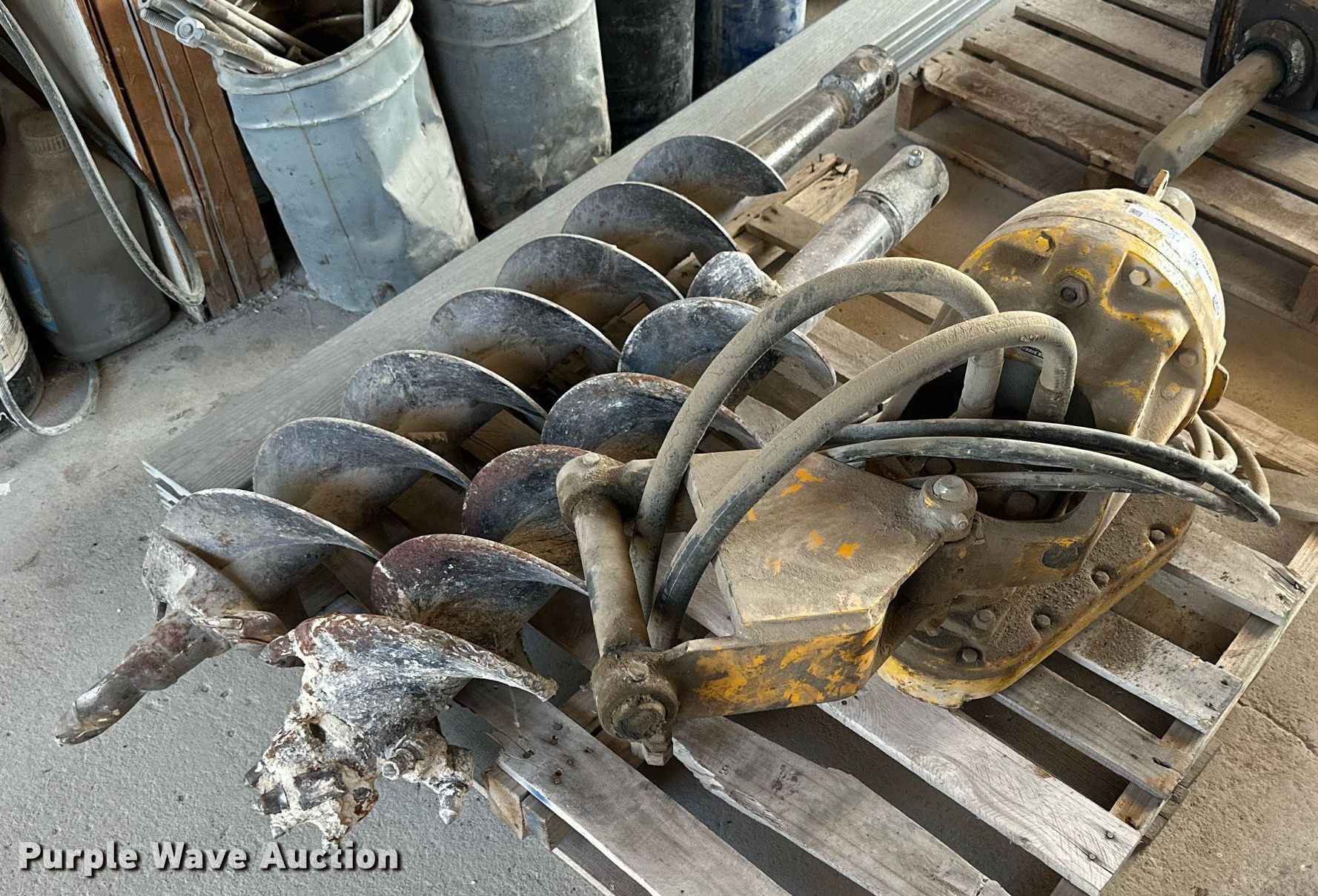 Danuser Digger H8200 auger head. Serial: 5004159, (2) bits 4' L x 10" diameter, 5' L x 10" diameter. Notes Removed from Ford New Holland backhoe. Rooks County Highway Department. 303 S Walnut. Stockton, KS 67669
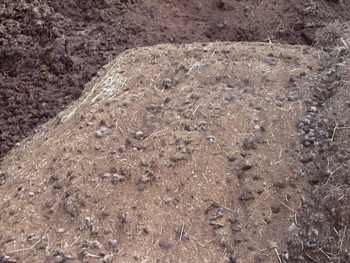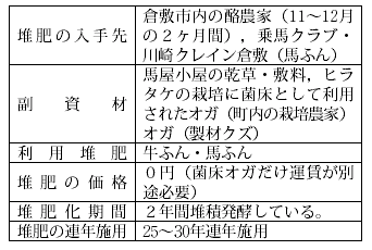 津郷さんが使われる堆肥は牛ふんと馬ふんを原料にして作られます。原料となる牛ふんは酪農家からもちこまれます。また,馬ふんは,川崎乗馬クラブ・クレイン倉敷から月に3回ほど,1回につき2トン車で運び込まれています。窒素の少ない堆肥を必要とするため,堆肥の窒素含有量を減少を目的に,ヒラタケのオガ・菌床を副資材として利用されています。ショベルカーによる2ヶ月おきに切り返ししながら,自分の求める堆肥を作られています。堆積期間は2年で,よく腐熟した堆肥を,有機物として年間10a当たり2.5tほど農園に広げています。
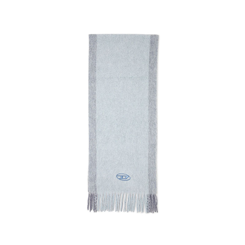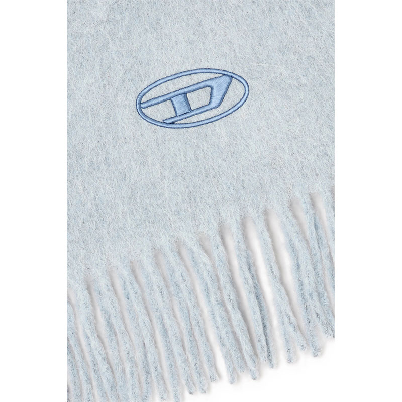Scarf in a soft wool blend with a plush jacquard texture, featuring tonal borders along the length and classic fringed edges. The design is completed by an Oval D logo embroidered near the edge, adding a subtle Diesel signature detail.
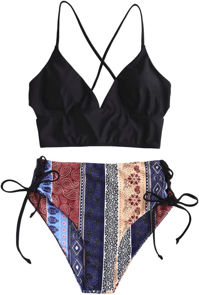 Women Two Piece High Waisted Bikini Set Boho Floral Print Swimsuit Tummy Control Bathing Suits Sexy Vintage Swimwear
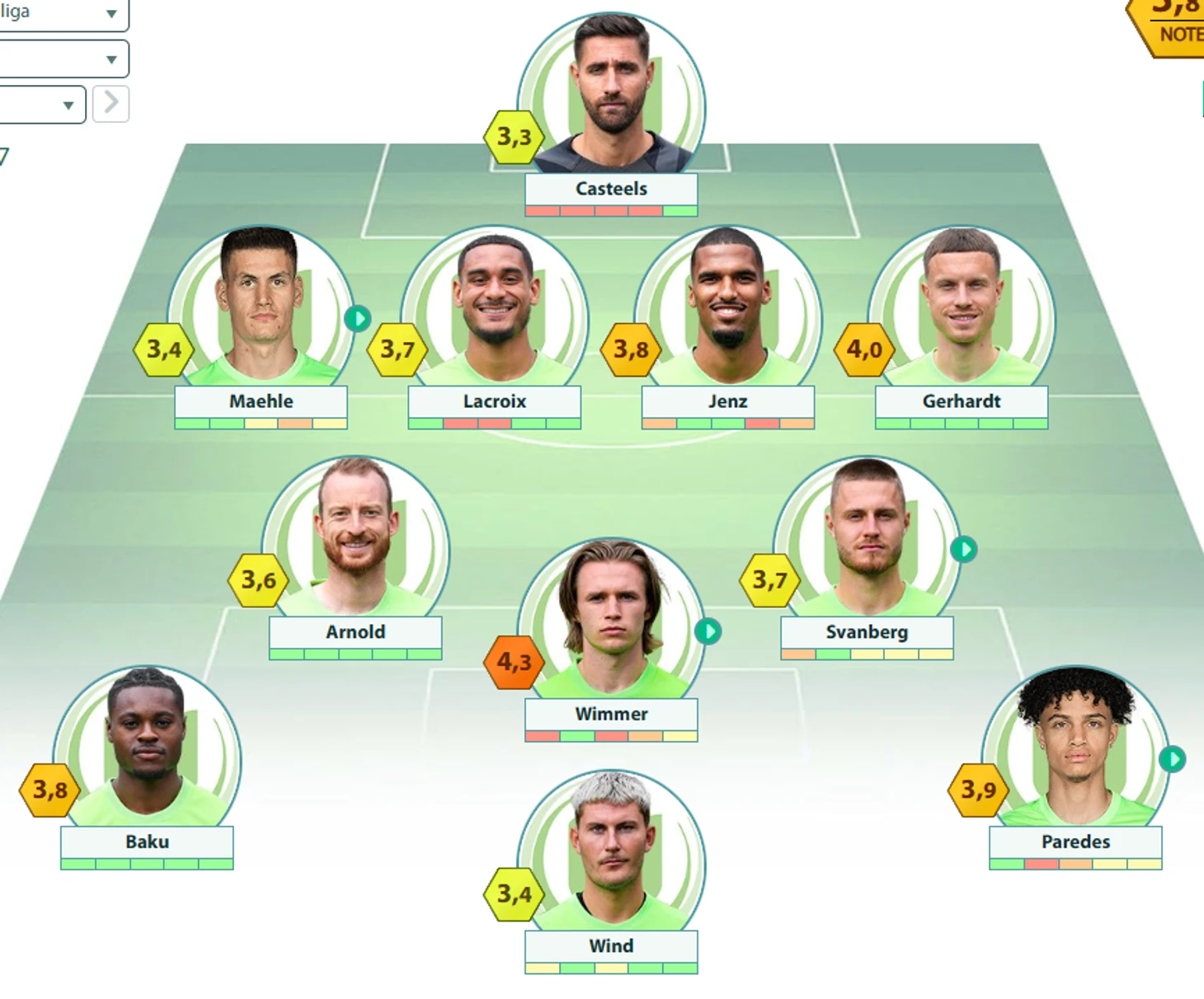 «Вольфсбург»: Кастельс – Фишер, Лакруа, Йенц, Мэле – Сванберг, Арнольд – Баку, Виммер, Паредес – Винд

- Task requirements
The copy you output must match the entries above exactly, except that it has no pictures.

- Result of this task
 Danuser Digger H8200 auger head. Serial: 5004159, (2) bits 4' L x 10" diameter, 5' L x 10" diameter. Notes Removed from Ford New Holland backhoe. Rooks County Highway Department. 303 S Walnut. Stockton, KS 67669
 津郷さんが使われる堆肥は牛ふんと馬ふんを原料にして作られます。原料となる牛ふんは酪農家からもちこまれます。また,馬ふんは,川崎乗馬クラブ・クレイン倉敷から月に3回ほど,1回につき2トン車で運び込まれています。窒素の少ない堆肥を必要とするため,堆肥の窒素含有量を減少を目的に,ヒラタケのオガ・菌床を副資材として利用されています。ショベルカーによる2ヶ月おきに切り返ししながら,自分の求める堆肥を作られています。堆積期間は2年で,よく腐熟した堆肥を,有機物として年間10a当たり2.5tほど農園に広げています。
Scarf in a soft wool blend with a plush jacquard texture, featuring tonal borders along the length and classic fringed edges. The design is completed by an Oval D logo embroidered near the edge, adding a subtle Diesel signature detail.
 Women Two Piece High Waisted Bikini Set Boho Floral Print Swimsuit Tummy Control Bathing Suits Sexy Vintage Swimwear
 «Вольфсбург»: Кастельс – Фишер, Лакруа, Йенц, Мэле – Сванберг, Арнольд – Баку, Виммер, Паредес – Винд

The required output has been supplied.